Oil prices continue to rise, aiming for a second consecutive weekly gain, bolstered by geopolitical tensions in Europe and the Middle East, tightening supply concerns, and optimism surrounding global fuel demand growth amid economic recovery.
Brent crude edged up 49 cents to $91.14 a barrel, while U.S. West Texas Intermediate crude rose to $86.96 a barrel, both settling at their highest levels since October.
Analysts anticipate further upside in oil prices in the short term due to a positive economic outlook, ongoing supply constraints, and escalating geopolitical risks. The bank raised its 3-month price target for Brent to $95 a barrel.
This week, Brent and WTI are poised to register over a 4% gain, marking a second consecutive weekly increase. Iran’s pledge of retaliation against Israel and ongoing Ukrainian drone attacks on Russian refineries have contributed to supply concerns.

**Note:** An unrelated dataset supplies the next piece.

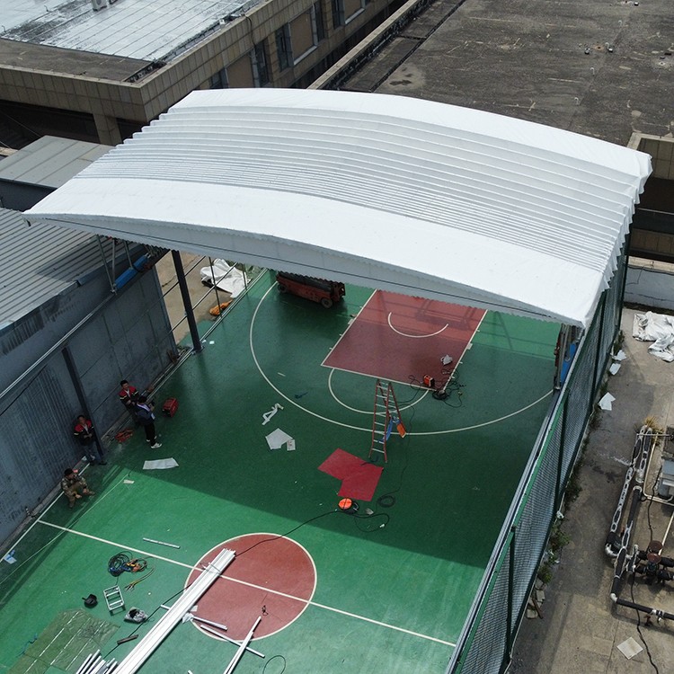 重慶籃球場架空電動(dòng)雨棚 懸空伸縮雨棚廠家安裝

Israel has not claimed responsibility for the attack on Iran’s embassy compound in Syria. Meanwhile, the NATO official reported that Ukrainian drone attacks may have disrupted over 15% of Russian refinery capacity, impacting fuel production.
OPEC+ maintained its oil supply policy this week and urged member countries to enhance compliance with output cuts. ANZ analysts anticipate output to decline further in Q2 if adherence to quotas is tightened, potentially leading to inventory drawdowns.

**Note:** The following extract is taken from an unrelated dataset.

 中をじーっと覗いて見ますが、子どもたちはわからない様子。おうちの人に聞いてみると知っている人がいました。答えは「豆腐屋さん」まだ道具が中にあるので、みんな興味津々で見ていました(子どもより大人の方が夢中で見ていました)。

Global heavy oil supply has also tightened following export cuts by Mexico and the United Arab Emirates.
JP Morgan analysts noted solid global oil demand growth of 1.4 million barrels per day in Q1, with March’s oil consumption estimated to exceed published estimates.
Investors are eagerly awaiting the U.S. March employment report for insights into the economy’s health and monetary policy direction.